Alstead and colleagues (6) studied retrospectively 16 pregnancies in 14 women receiving AZA for IBD and identified only one infectious complication (hepatitis B virus infection) during pregnancy, without evidence of congenital abnormalities or subsequent health problems in these children. Francella and colleagues (7) compared 40 women using 6-MP before the time of conception with 37 using the drug at the time of conception or during the entire pregnancy, and did not find statistical differences between the two groups with respect to spontaneous abortion, abortion secondary to birth defects, major congenital malformation, neoplasm or increased infections. O'Connell and colleagues (8), on the other hand, remarked that in Francella's study only 15 patients used 6-MP during the entire pregnancy, with a dosage variable from 25 to 175 mg/day. In this group, 10 patients had full term pregnancy, with two children having major infections, another presented major congenital abnormality and a further child displayed minor congenital abnormality. Goldstein et al (9) studied 189 women taking AZA during pregnancy (mean dosage 50-100 mg/day) compared with a control group of 230 women; no difference concerning major malformations were found, although in AZA group an increased percentage of lower birth weight and premature delivery was noted. In a Danish study (10) of 76 pregnancies in 69 women using AZA or 6-MP, a higher risk of adverse birth outcome (pre term birth 26.2% vs 4.6% of control population, low birth weight at term 4.2% vs1.4%, congenital abnormalities 9.4% vs 3.9%) was found, but the authors suggested that this adverse outcome may be more due to IBD activity rather than drug therapy. In another study investigating 9 pregnancies (5 with CD, 1 with UC) using AZA or 6-MP 30 days before conception or during the first trimester (11), one case of aphakia and one case of multiple malformations were reported. This study was compared with 19.418 controls and the risk in markedly increased (22.2% in AZA-6-MP group against 3.7% in control group). In another study (12) investigating pregnancies fathered by men in therapy with AZA or 6-MP, the investigators concluded that, since there were no differences between conceptions obtained by fathers using or not using these drugs, such immunosuppressive therapy should not be discontinued.
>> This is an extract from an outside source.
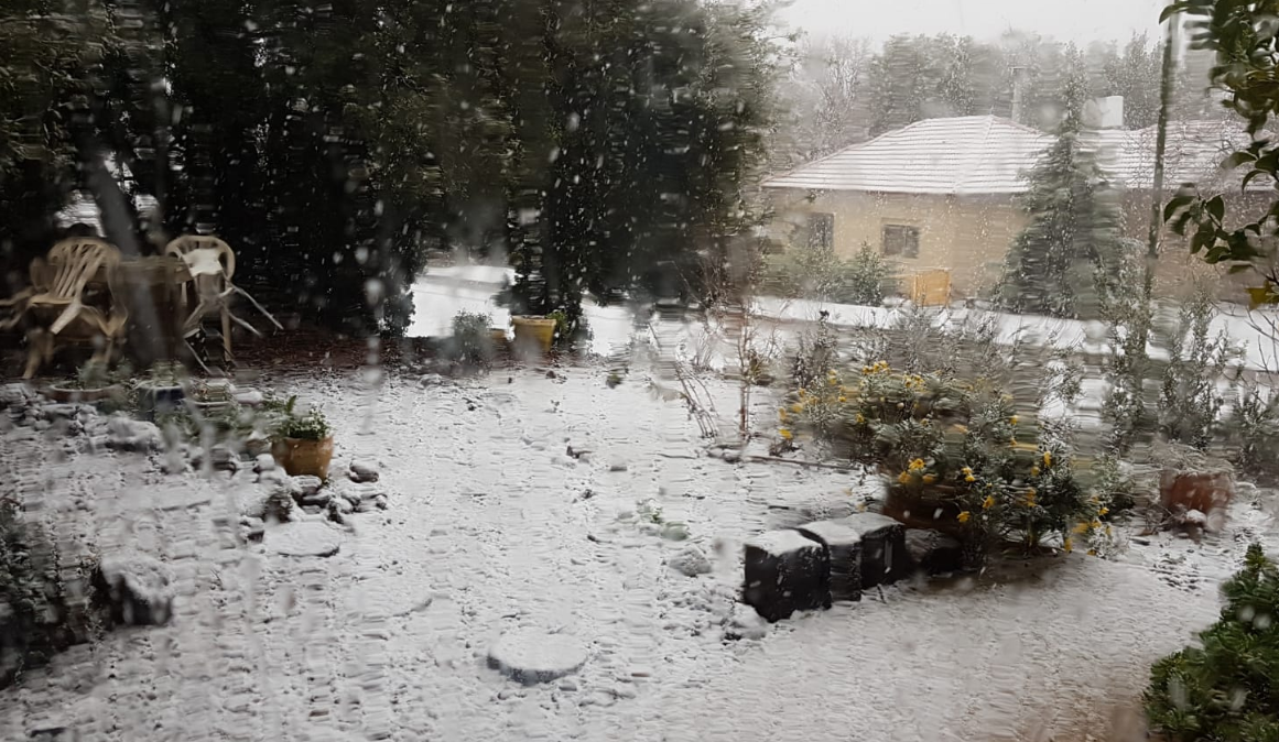 שלג כבד הבוקר (שני) בכפר הנופש רימונים נווה אטי"ב // צילום: מיכל קראדי
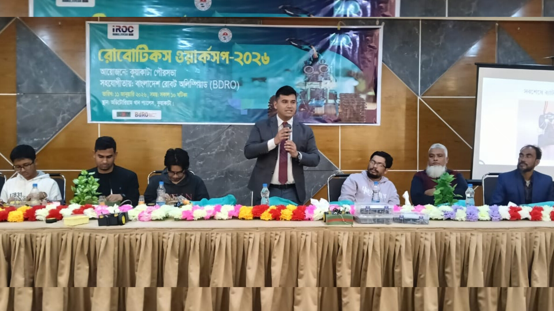 কুয়াকাটা পৌরসভার উদ্যোগে এবং বাংলাদেশ রোবট অলিম্পিয়াড (BDRO)-এর সহযোগিতায় আয়োজিত “IROC Bangladesh Robotics Workshop–2026” শীর্ষক এ কর্মশালায় সভাপতিত্ব করেন কুয়াকাটা পৌরসভার প্রকৌশলী ও ভারপ্রাপ্ত সচিব মো. নিয়াজ মাহমুদ। প্রধান অতিথি হিসেবে উপস্থিত ছিলেন উপজেলা সহকারী কমিশনার (ভূমি) ও কুয়াকাটা পৌর প্রশাসক ইয়াসিন সাদেক।

The use of AZA and 6-MP in pregnancy appears safe and well tolerated (13), as also shown from our experience, and recent guidelines for IBD management in adults (4, 14) suggest that AZA should be continued during pregnancy because the risks to the fetus due to disease activity appears greater than risks due to drug toxicity. In addition, a recent study on a large group of subjects treated with these drugs did not show increased number of infections in their breastfed children (15).

Although there may be a slight increased risk of congenital malformations, growth restriction and preterm delivery in infants exposed to AZA in early pregnancy (16), these associations may be confounded by the severity of maternal illness, and the use of this drug seems overall safe (17), as also confirmed by a recent trial on a large cohort (18). Women with IBD are concerned about the risks of drug therapy, especially when pregnant. Patients with IBD need to be aware risks of drug therapies and active IBD during pregnancy for the foetus (19).